• Data in this exercise

((

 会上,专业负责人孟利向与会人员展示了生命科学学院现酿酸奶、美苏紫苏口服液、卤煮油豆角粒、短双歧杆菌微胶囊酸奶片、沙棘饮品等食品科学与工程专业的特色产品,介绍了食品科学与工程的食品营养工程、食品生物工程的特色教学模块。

))
((

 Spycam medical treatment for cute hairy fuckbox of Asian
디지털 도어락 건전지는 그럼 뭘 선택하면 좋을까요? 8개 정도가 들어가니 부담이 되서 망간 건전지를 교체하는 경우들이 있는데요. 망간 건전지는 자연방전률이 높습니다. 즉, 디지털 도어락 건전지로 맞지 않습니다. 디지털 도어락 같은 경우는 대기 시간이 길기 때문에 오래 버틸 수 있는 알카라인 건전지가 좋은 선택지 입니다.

))

• Problem to solve
Copy the records above exactly, beginning at the line that contains "Spycam medical treatment" and stopping after the line that contains "디지털 도어락 건전지는".

• Exercise solution
 Spycam medical treatment for cute hairy fuckbox of Asian
디지털 도어락 건전지는 그럼 뭘 선택하면 좋을까요? 8개 정도가 들어가니 부담이 되서 망간 건전지를 교체하는 경우들이 있는데요. 망간 건전지는 자연방전률이 높습니다. 즉, 디지털 도어락 건전지로 맞지 않습니다. 디지털 도어락 같은 경우는 대기 시간이 길기 때문에 오래 버틸 수 있는 알카라인 건전지가 좋은 선택지 입니다.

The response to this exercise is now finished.